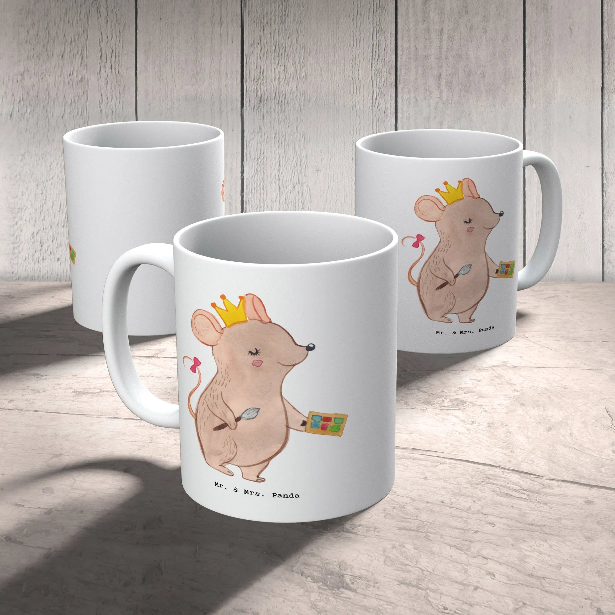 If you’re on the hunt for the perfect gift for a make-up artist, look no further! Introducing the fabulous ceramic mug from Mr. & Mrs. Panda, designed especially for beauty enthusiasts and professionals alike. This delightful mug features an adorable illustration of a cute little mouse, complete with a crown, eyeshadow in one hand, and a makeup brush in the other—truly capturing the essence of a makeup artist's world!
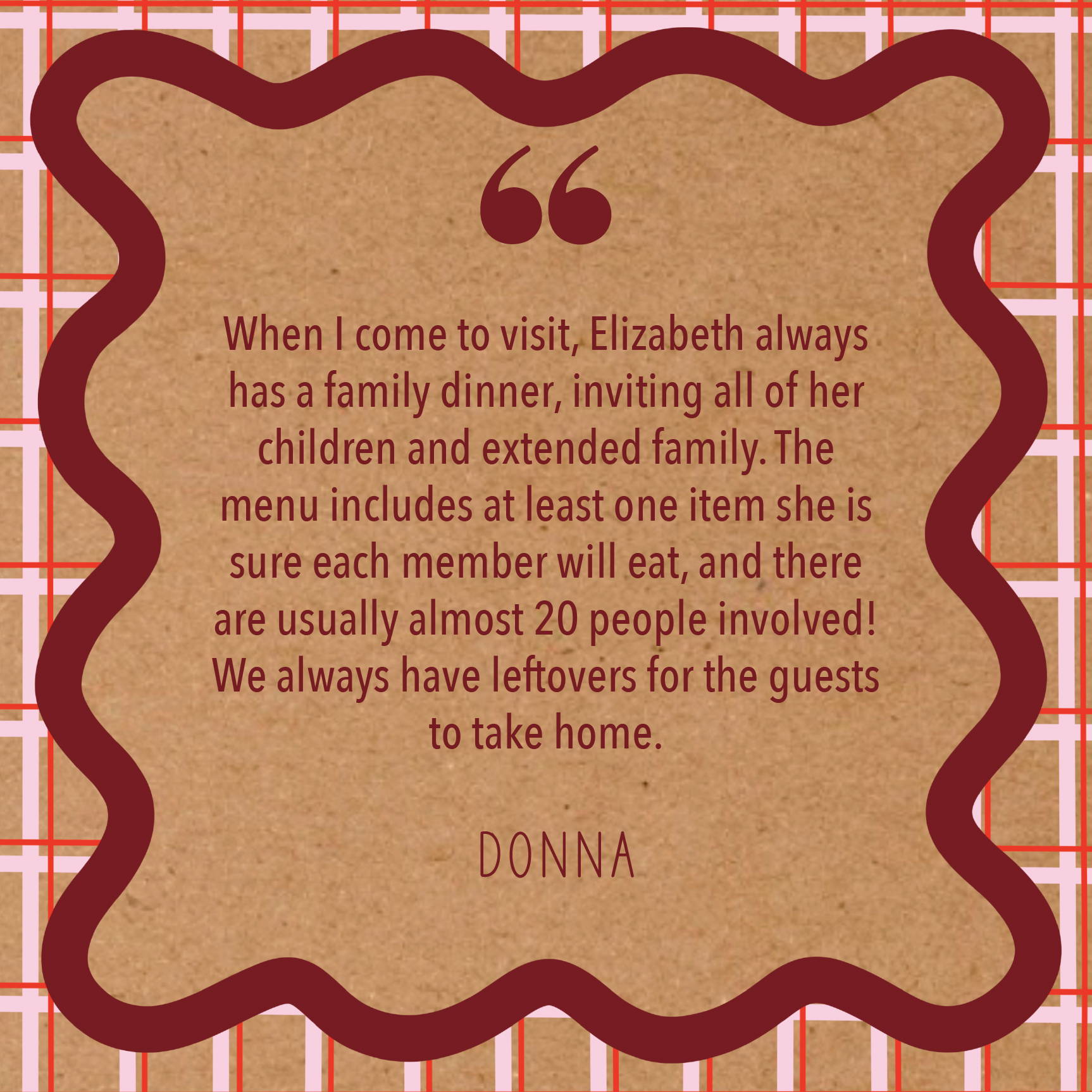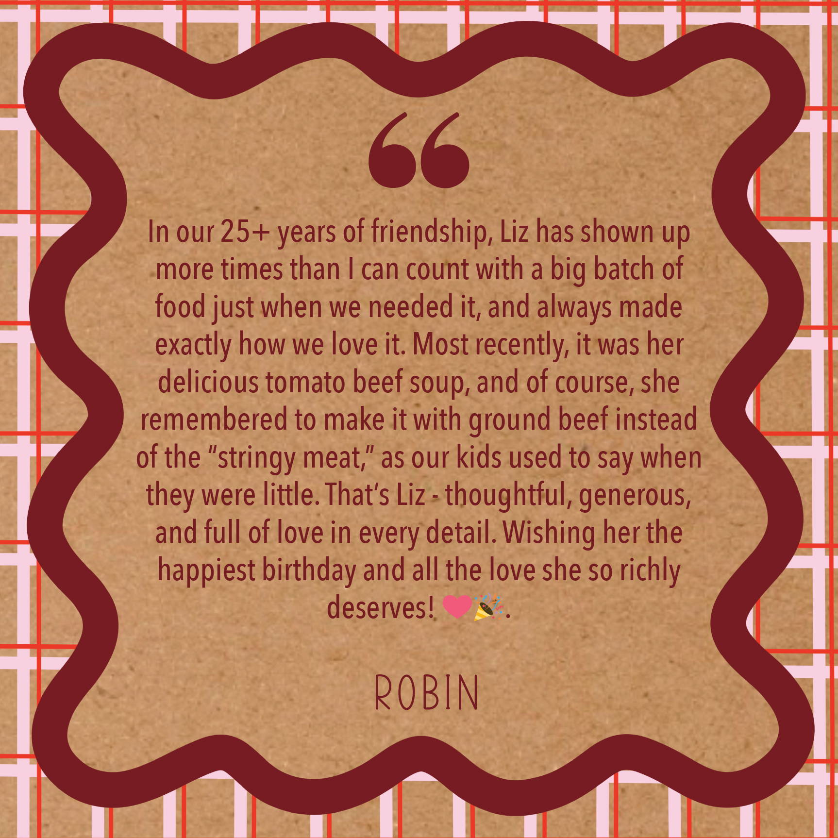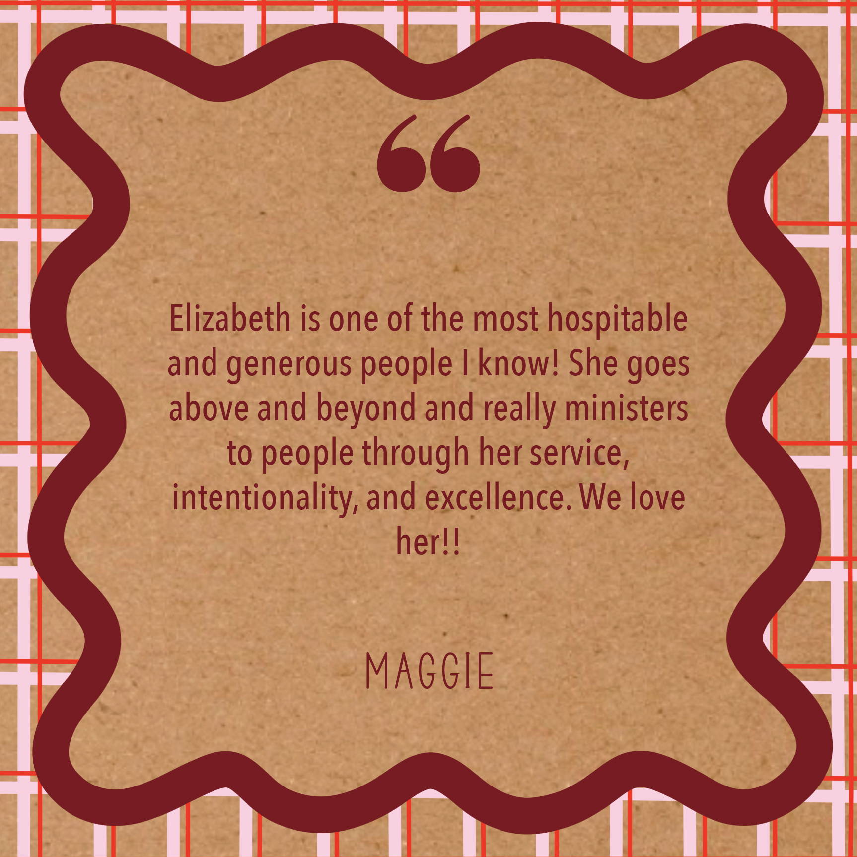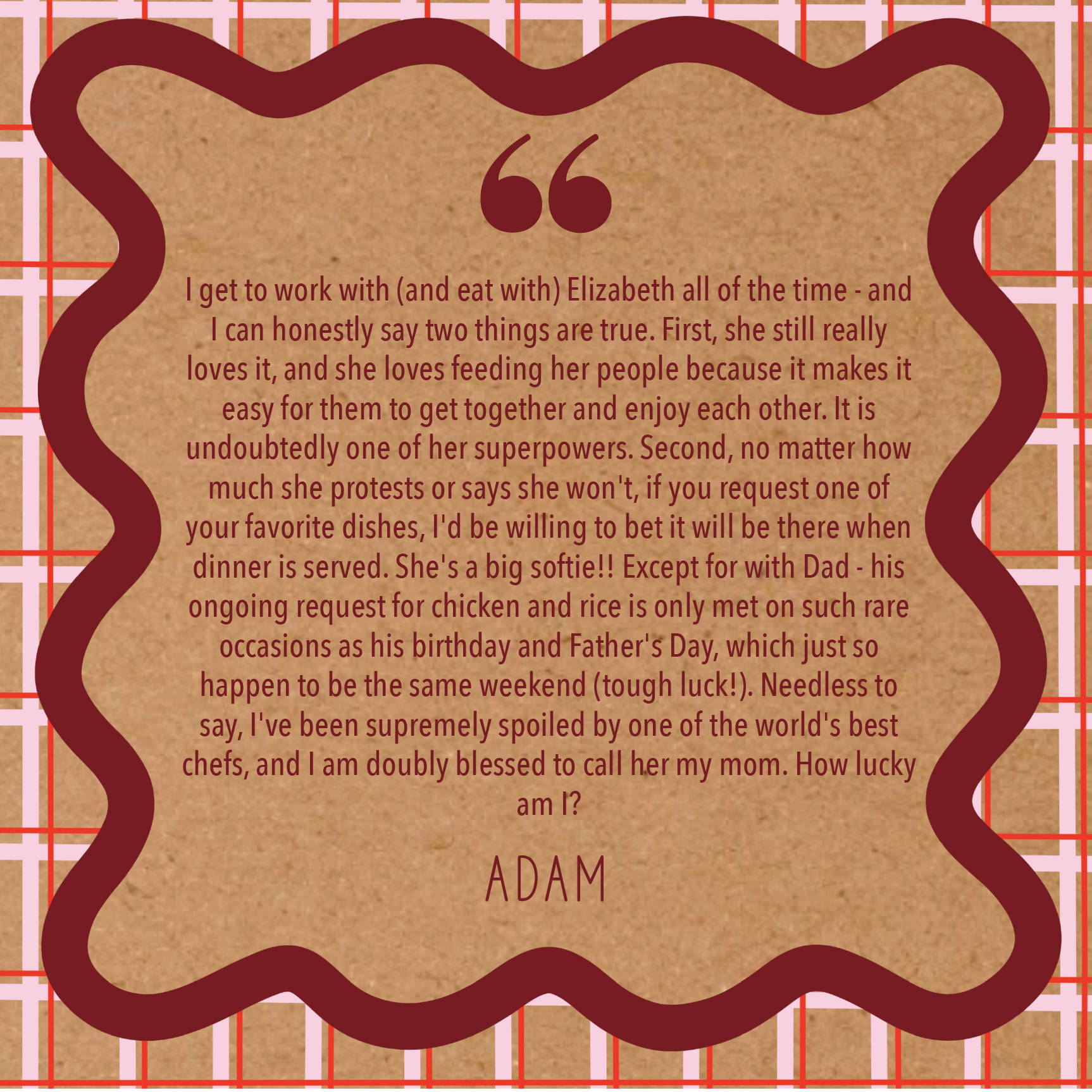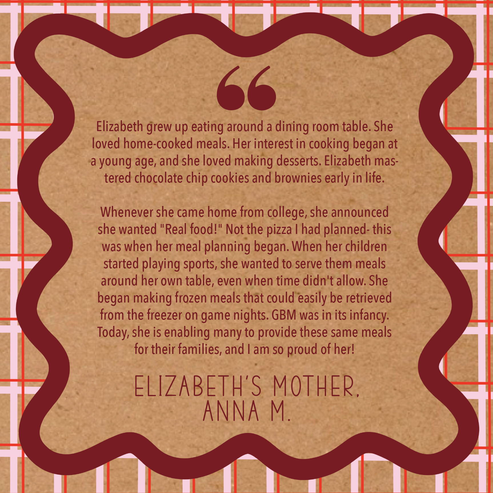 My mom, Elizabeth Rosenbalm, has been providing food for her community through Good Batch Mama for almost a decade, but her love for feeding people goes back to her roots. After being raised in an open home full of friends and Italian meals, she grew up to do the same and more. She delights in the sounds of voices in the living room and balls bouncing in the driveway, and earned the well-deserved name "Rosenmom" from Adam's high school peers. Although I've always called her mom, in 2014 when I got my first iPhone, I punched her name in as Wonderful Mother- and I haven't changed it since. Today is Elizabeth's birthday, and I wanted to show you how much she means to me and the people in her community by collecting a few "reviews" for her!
==
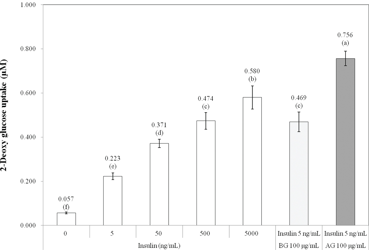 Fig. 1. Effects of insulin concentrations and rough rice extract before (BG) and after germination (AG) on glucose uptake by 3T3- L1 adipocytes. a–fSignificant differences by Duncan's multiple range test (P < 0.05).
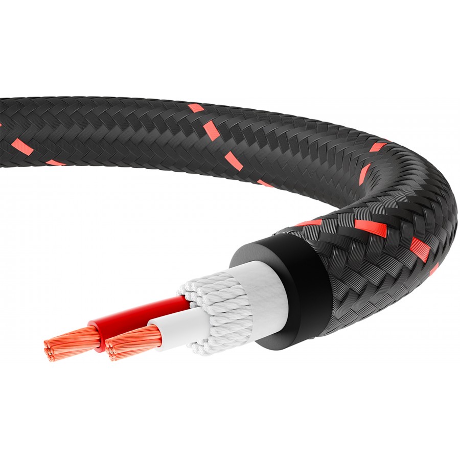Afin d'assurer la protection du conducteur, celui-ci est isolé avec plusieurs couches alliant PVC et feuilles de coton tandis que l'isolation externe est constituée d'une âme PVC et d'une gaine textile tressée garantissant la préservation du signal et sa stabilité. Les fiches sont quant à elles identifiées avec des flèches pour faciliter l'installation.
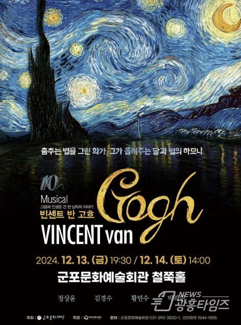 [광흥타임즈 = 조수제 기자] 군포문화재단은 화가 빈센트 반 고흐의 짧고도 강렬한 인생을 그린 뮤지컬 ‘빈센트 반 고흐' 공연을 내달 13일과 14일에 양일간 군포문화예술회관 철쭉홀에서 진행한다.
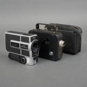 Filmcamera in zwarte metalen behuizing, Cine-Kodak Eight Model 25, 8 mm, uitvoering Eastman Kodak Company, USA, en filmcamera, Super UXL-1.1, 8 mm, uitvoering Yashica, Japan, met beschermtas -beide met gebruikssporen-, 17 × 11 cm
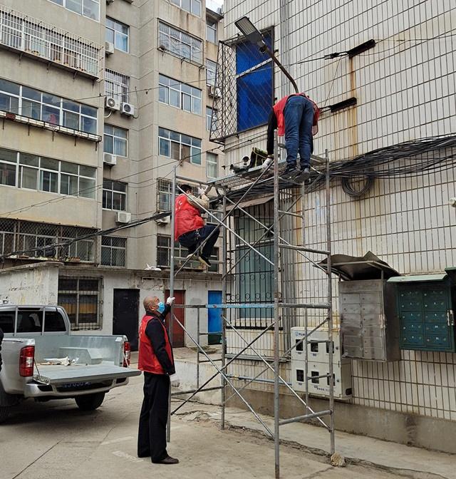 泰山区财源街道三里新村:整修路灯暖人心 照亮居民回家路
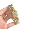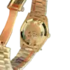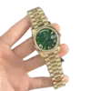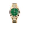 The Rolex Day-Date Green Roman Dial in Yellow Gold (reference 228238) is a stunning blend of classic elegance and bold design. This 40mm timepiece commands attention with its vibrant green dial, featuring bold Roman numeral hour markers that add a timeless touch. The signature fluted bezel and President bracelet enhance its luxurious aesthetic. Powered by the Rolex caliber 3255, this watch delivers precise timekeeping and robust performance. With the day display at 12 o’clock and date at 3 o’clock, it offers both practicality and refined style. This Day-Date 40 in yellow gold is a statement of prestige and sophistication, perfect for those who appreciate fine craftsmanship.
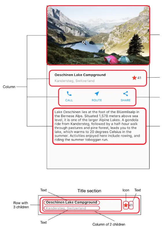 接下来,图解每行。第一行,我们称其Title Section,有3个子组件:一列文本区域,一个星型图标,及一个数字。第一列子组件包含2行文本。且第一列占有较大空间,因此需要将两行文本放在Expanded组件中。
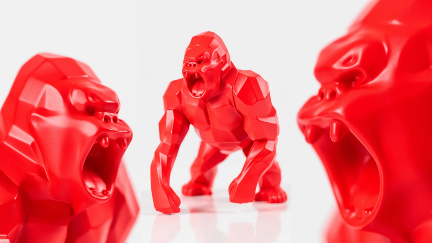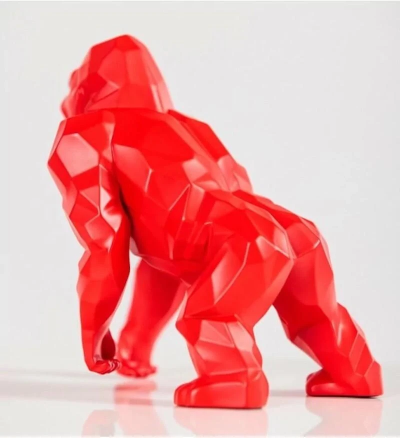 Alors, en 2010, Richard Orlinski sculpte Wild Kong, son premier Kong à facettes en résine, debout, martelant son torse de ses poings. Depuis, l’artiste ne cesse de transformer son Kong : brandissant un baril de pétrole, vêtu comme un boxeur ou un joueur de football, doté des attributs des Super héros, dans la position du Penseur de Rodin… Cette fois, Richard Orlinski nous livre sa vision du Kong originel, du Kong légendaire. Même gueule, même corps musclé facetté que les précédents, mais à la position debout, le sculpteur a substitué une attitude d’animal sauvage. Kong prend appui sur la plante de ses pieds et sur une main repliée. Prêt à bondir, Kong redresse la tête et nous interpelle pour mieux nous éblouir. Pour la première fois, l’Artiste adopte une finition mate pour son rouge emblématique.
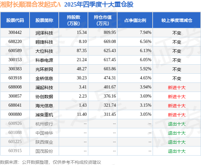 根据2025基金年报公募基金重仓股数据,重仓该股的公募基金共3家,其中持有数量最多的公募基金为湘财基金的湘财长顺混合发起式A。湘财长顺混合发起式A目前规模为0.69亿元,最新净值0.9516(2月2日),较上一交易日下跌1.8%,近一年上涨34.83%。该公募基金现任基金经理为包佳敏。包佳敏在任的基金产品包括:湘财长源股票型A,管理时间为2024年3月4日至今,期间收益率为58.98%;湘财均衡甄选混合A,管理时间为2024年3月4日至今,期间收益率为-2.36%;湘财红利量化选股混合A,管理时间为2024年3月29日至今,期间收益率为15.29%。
==
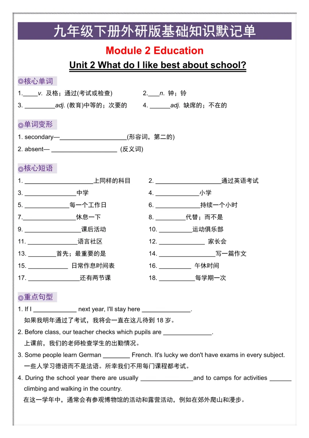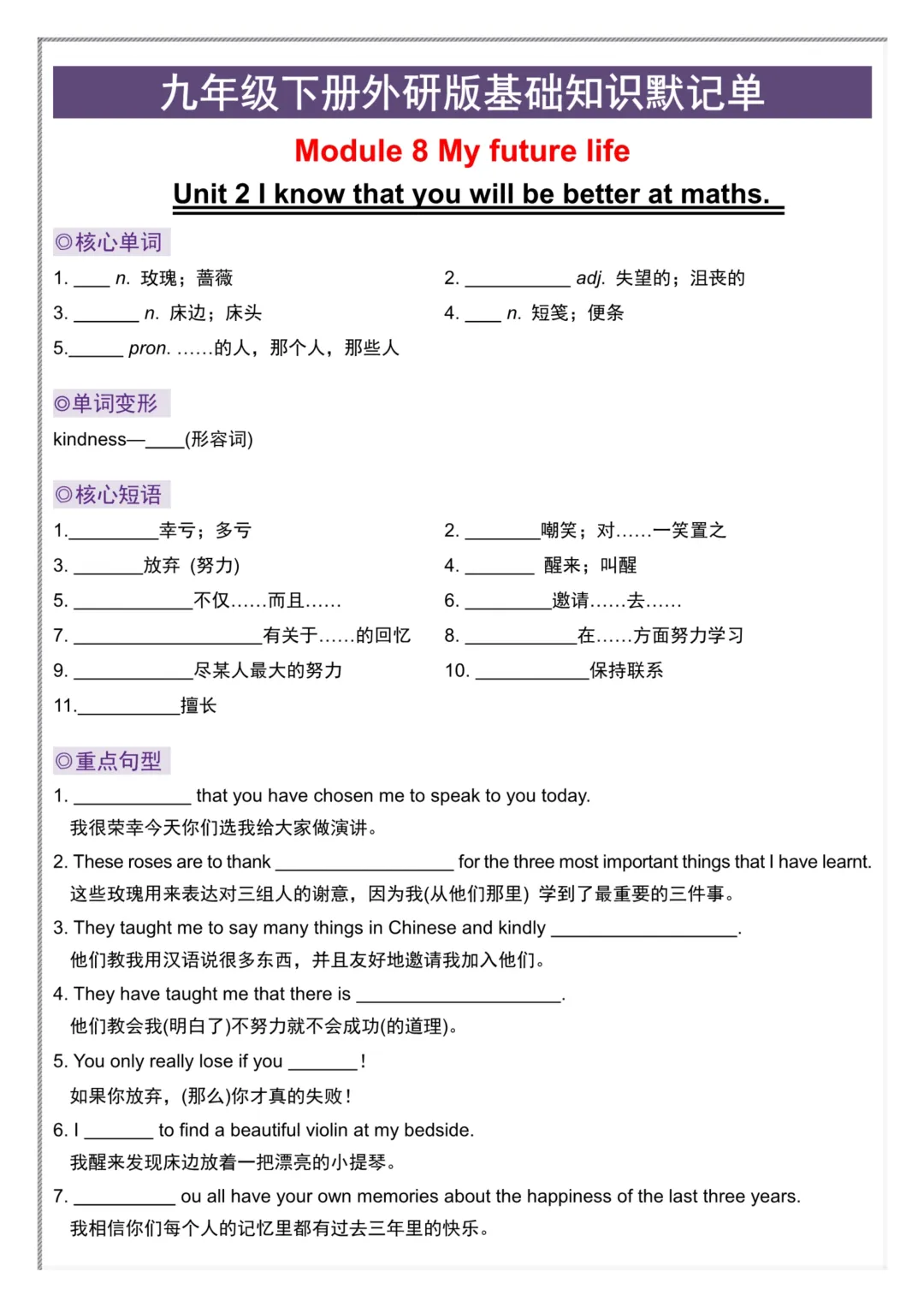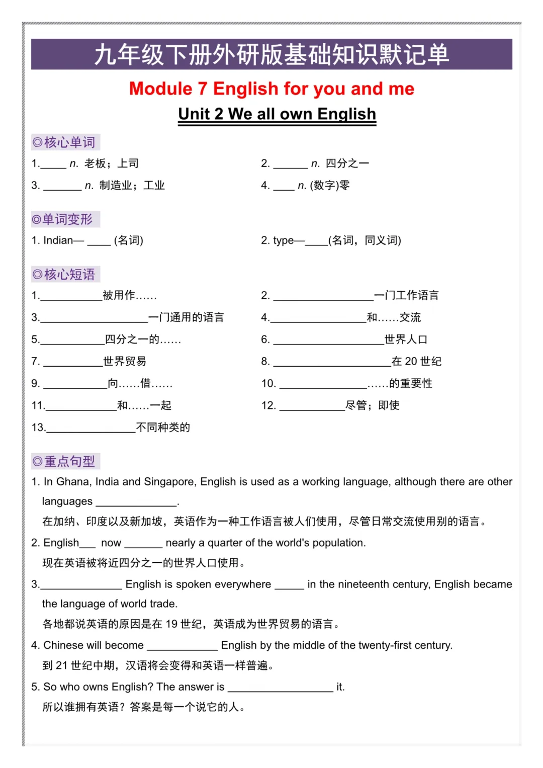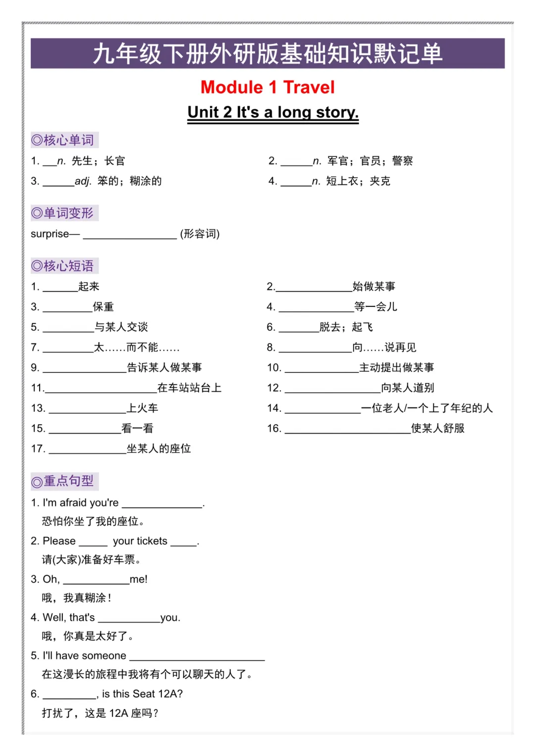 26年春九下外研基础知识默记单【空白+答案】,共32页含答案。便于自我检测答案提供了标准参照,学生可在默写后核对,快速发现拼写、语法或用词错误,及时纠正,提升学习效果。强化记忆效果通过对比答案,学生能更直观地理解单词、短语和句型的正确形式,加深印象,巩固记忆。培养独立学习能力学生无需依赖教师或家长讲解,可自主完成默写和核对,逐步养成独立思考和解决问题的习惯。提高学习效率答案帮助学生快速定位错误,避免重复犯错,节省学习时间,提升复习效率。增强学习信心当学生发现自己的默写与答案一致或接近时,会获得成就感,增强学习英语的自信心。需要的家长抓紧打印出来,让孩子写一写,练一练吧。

**TO DO:** All that should appear in the answer is the lines above from the line with "[광흥타임즈 = 조수제" through the line with "根据2025基金年报公募基金", retyped exactly, pictures left out.

**FINISHED EXERCISE:**
 [광흥타임즈 = 조수제 기자] 군포문화재단은 화가 빈센트 반 고흐의 짧고도 강렬한 인생을 그린 뮤지컬 ‘빈센트 반 고흐' 공연을 내달 13일과 14일에 양일간 군포문화예술회관 철쭉홀에서 진행한다.
 Filmcamera in zwarte metalen behuizing, Cine-Kodak Eight Model 25, 8 mm, uitvoering Eastman Kodak Company, USA, en filmcamera, Super UXL-1.1, 8 mm, uitvoering Yashica, Japan, met beschermtas -beide met gebruikssporen-, 17 × 11 cm
 泰山区财源街道三里新村:整修路灯暖人心 照亮居民回家路
 The Rolex Day-Date Green Roman Dial in Yellow Gold (reference 228238) is a stunning blend of classic elegance and bold design. This 40mm timepiece commands attention with its vibrant green dial, featuring bold Roman numeral hour markers that add a timeless touch. The signature fluted bezel and President bracelet enhance its luxurious aesthetic. Powered by the Rolex caliber 3255, this watch delivers precise timekeeping and robust performance. With the day display at 12 o’clock and date at 3 o’clock, it offers both practicality and refined style. This Day-Date 40 in yellow gold is a statement of prestige and sophistication, perfect for those who appreciate fine craftsmanship.
 接下来,图解每行。第一行,我们称其Title Section,有3个子组件:一列文本区域,一个星型图标,及一个数字。第一列子组件包含2行文本。且第一列占有较大空间,因此需要将两行文本放在Expanded组件中。
 Alors, en 2010, Richard Orlinski sculpte Wild Kong, son premier Kong à facettes en résine, debout, martelant son torse de ses poings. Depuis, l’artiste ne cesse de transformer son Kong : brandissant un baril de pétrole, vêtu comme un boxeur ou un joueur de football, doté des attributs des Super héros, dans la position du Penseur de Rodin… Cette fois, Richard Orlinski nous livre sa vision du Kong originel, du Kong légendaire. Même gueule, même corps musclé facetté que les précédents, mais à la position debout, le sculpteur a substitué une attitude d’animal sauvage. Kong prend appui sur la plante de ses pieds et sur une main repliée. Prêt à bondir, Kong redresse la tête et nous interpelle pour mieux nous éblouir. Pour la première fois, l’Artiste adopte une finition mate pour son rouge emblématique.
 根据2025基金年报公募基金重仓股数据,重仓该股的公募基金共3家,其中持有数量最多的公募基金为湘财基金的湘财长顺混合发起式A。湘财长顺混合发起式A目前规模为0.69亿元,最新净值0.9516(2月2日),较上一交易日下跌1.8%,近一年上涨34.83%。该公募基金现任基金经理为包佳敏。包佳敏在任的基金产品包括:湘财长源股票型A,管理时间为2024年3月4日至今,期间收益率为58.98%;湘财均衡甄选混合A,管理时间为2024年3月4日至今,期间收益率为-2.36%;湘财红利量化选股混合A,管理时间为2024年3月29日至今,期间收益率为15.29%。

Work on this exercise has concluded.